Synergistic effects of acute ranolazine and chronic amiodarone to significantly increase diastolic threshold of excitation (DTE) in coronary-perfused right atrial preparations. n=6–12. * p† p<0.01 vs chronic Amiodarone alone and vs ranolazine. Control n=9 recordings (8 PM and 1 CT) from 8 dogs; ranolazine n=9 recordings(8 PM and 1 CT) from 8 dogs; chronic amiodarone n =12 recordings (7 PM and 5 CT) from 8 dogs; chronic amiodarone+ranolazine n=6 recordings (4 PM and 2 CT) from 4 dogs.

Figure 4

Potent depression of excitability induced by a combination of chronic amiodarone and acute ranolazine (5 μM) leading to activation failure at rapid rates in coronary-perfused right atria. A: Failure of 1:1 activation at a pacing cycle length (CL) of 350 ms. B: Failure of 1:1 activation at a CL of 200 ms in the presence of acetylcholine (B). C: Increase in CL needed to maintain 1:1 activation (see Table 1 for actual numbers).

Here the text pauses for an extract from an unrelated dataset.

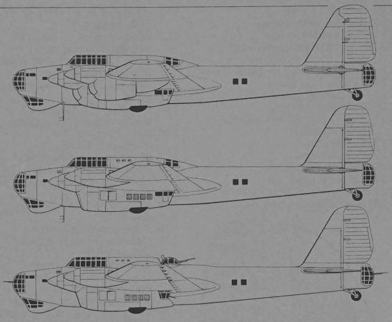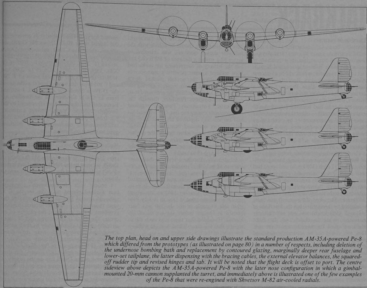 The top plan, head on and upper side drawings illustrate the standard production AM-35A-powered Pe-8 which differed from the prototypes in a number of respects, including deletion of the undernose bombing bath and replacement by contoured glazing, marginally deeper rear fuselage and lower-set tailplane, the latter dispensing with the bracing cables, the external elevator balances, the squared-off rudder tip and revised hinges and tab. It will be noted that the flight deck is offset to port. The centre sideview depicts the AM-35A-powered Pe-8 with the later nose configuration in which a gimbal-mounted 20-mm cannon supplanted the turret, and immediately above is illustrated one of the few examples of the Pe-8 that were re-engined with Shvetsov M-82 air-cooled radials.

Ran = Ranolazine (n=10); Amio = Chronic amiodarone (n=8). Ran + Amio (n=4). Ran n=10 dogs; Amio n =8 dogs; Amio+Ran n=4 dogs.

Figure 5

Rate-dependent effects of chronic amiodarone, alone and combined with acute ranolazine (5 and 10 uM), on maximum rate of rise of action potential upstroke (Vmax) and action potential characteristics in a pulmonary vein (PV) sleeve preparation. A–C: Action potentials (AP) recorded at different basic cycle lengths (BCLs) from a PV sleeve isolated from a chronic amiodarone-treated dog before (panel A) and after addition of ranolazine (5 and 10 μM) (panel B and C). In the absence of ranolazine, the chronic amiodarone-treated PV sleeve displayed 2:1 activation failure at BCL 300 ms. The addition of 5 μM ranolazine induced a marked decrease in Vmax and 4:3 and 4:1 activation failure at 1000 and 300 ms, respectively. The addition of 10 μM ranolazine rendered the preparation inexcitable.

Figure 6

Rate-dependence of action potential and conduction characteristics in LV wedge preparation isolated from chronic amiodarone-treated dog in the absence and presence of acute ranolazine (5 and 10 uM). Each panel shows a pseudo-ECG (top trace) and action potentials recorded from the M cell region. 1:1 activation persisted following a decrease in basic cycle length (BCL) from 2000 to 1000 and 300 ms.

Figure 7

Composite data of the effect of ranolazine (5 or 10 μM) on basic cycle length (BCL) at which 1:1 activation failure occurred in pulmonary vein (PV) sleeve (A, n=5) and left ventricular (LV) wedge (B, n=4) preparations isolated from untreated and chronic amiodarone-treated (Amio) dogs. In untreated dogs, ranolazine (10 μM) induced a significant increase of the BCL permitting 1:1 activation in PV but not LV wedge preparations. Chronic amiodarone treatment led to a significant increase in the basic cycle length (BCL) permitting 1:1 activation in both PV sleeve and LV, wedge, which was greatly accentuated in PV sleeves but not LV wedges following the addition of ranolazine (5 and 10 μM). *p† p<0.05 Amio+Ranolazine vs Amio alone. Ran = ranolazine; Amio = chronic amiodarone. PV sleeve: n=5 dogs for each condition; LV wedge: n =4 dogs for each condition.